二時間目が終わった後の休み時間、僕はなんとなく、その話題を持ち出してみることにした。僕らは基本的に、外で元気に遊んだりすることがないメンバーなのだ。虎牙はともかく、僕や満雀ちゃんは運動苦手だったり出来なかったりだし。龍美も自分から進んでやりたい方ではないらしい。
「盈虧園の名前の由来? そうねえ、聞いてみたことはないけど」
龍美はそう言いつつ、
「でも……耳馴染みのない言葉ってわけでは、ないかなあ」
流石文武両道、日常生活では使わない単語だと思うのだけど、知っているのか。
「月の満ち欠けだよね。満雀ちゃんはここの暮らし長いけど、由来について知ってたりする?」
「えとえと、聞いたことはないかな。あんまり変にも思わなかったよ」
「そっかあ。まあ、病院が出来た頃から満雀ちゃんはいるし、学校も病院建設を機にこうなったんだよね。昔過ぎて、疑問に感じることもなかったか」
「他をあんまり知らないから……うゆ」
満雀ちゃんは、ちょっとだけ申し訳なさそうに言う。不思議な語尾を添えて。彼女が困ったとき、返事に詰まったときによく使う便利な言葉が、うゆ、のようだ。……若干あざといと思うのは僕だけだろうか?
「盈虧……ねえ」
「お、どうした不良少年」
「お前な。……いや、下らねえ名前だなって」
「読めないからって」
「そういうんじゃねえよ」
龍美と虎牙の掛け合いは、どこか漫才染みていて、見ている分にはいつも楽しい。当の本人たちがどう思っているのかはさておき。
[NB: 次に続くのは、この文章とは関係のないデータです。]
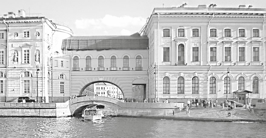 Эрмитажный мост в наше время (вид со стороны Невы). Слева видно здание Эрмитажного театра, а справа – здание Большого (Старого) Эрмитажа. Между ними арка галереи-перехода. В глубине арки – дома, стоящие на левом берегу Мойки
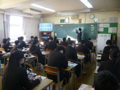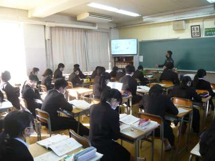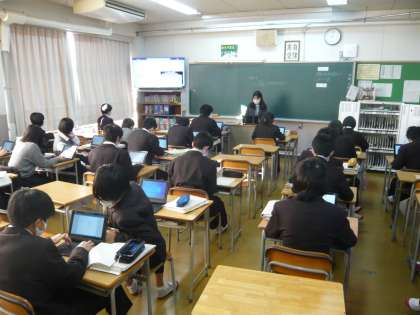 1限、2年1組は国語、日本の文化をテーマにレポート作成です。2年2組は社会、幕末から明治維新の歴史を学んでいます。2年3組は理科、磁界の学習です。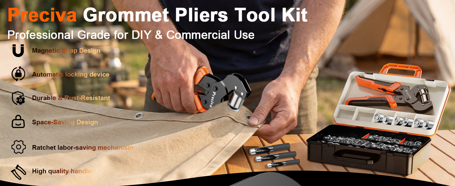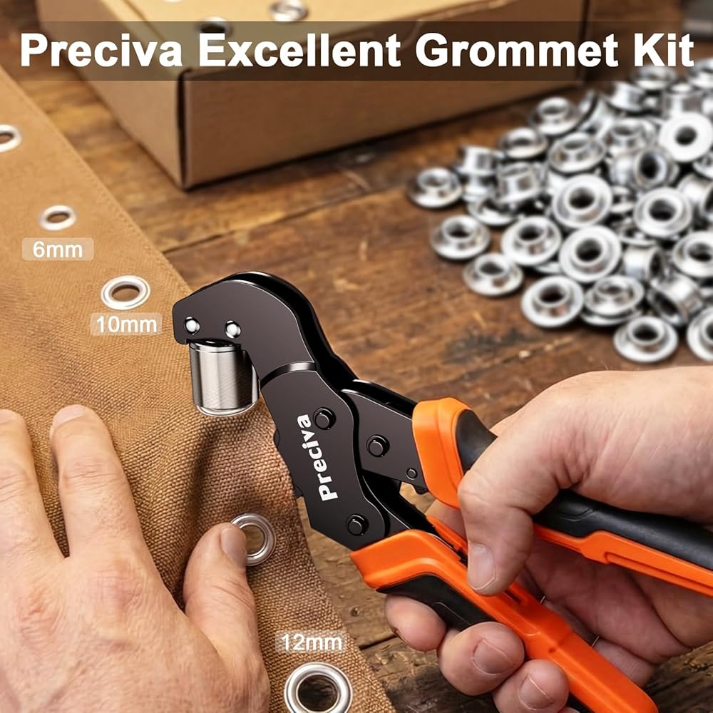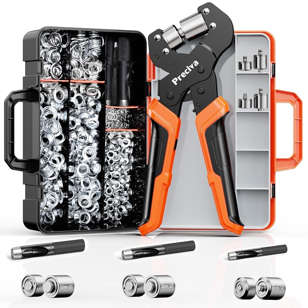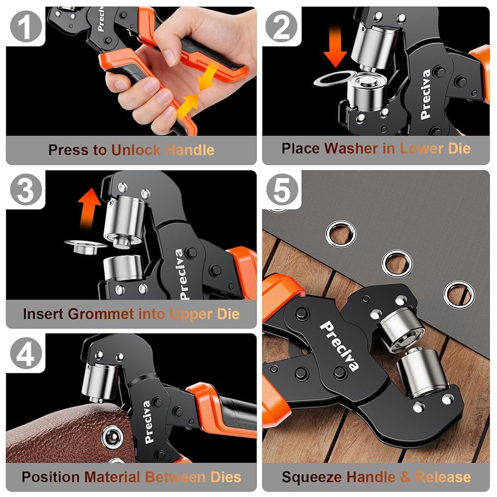 Labor-Saving Ratchet Design: The grommet tool comes with a ratchet device that reduces the pressure needed to be applied for stamping, saving more labor than ordinary grommet pliers.

「子どもたちの成長は山あり谷あり、色々経験することが大事。大体は、そういう意味でついたみたいだよ」
「ああ、双太さん」
次の授業の教科書を手に、双太さんが話に入ってきた。子供が考えるより、先生に聞くのが一番早かったな。
「満ち足りた気持ちも、欠けちゃった気持ちも大事ってこと?」
「そうそう。満雀ちゃんの言う通り」
双太さんは、優しい口調で満雀ちゃんの言葉に同意する。
「満生台のコンセプトは、満ち足りた暮らしだけどねー」
「それでも人生には、苦い経験も必要ってこったな」
「もーこんだけ生きてりゃ十分でしょ。あとは満ちるだけでいいわ」
「あはは、同感」
どこかおっさん臭い発言だが、本当、僕も龍美と同じ気持ちだ。
「でも、青春っていうのは、いくら満生台でも保証しかねるからね。その辺は、君たち次第だよ」
「というのは双太さん、そういうことを言ってるんですね?」
「な、なんか言った方が恥ずかしくなるな……そういうこと。大切な時間だから、後悔のないように過ごさないとね?」
「モチです、モチ」
「どーいうこと?」
「あはは、恋バナってやつじゃない?」
「あー……うゆ」
「困っちゃうんだ」
結局テンションが上がったのは、龍美だけのようである。
月の満ち欠け。人生の満ち欠け。
まあ、そんな比喩だと考えたら、悪くはない名前なのかな。
そこでチャイムが鳴って、雑談は終了となった。
双太さんはにこりと笑うと、教卓の方へ戻っていった。
読み終わったら、ポイントを付けましょう!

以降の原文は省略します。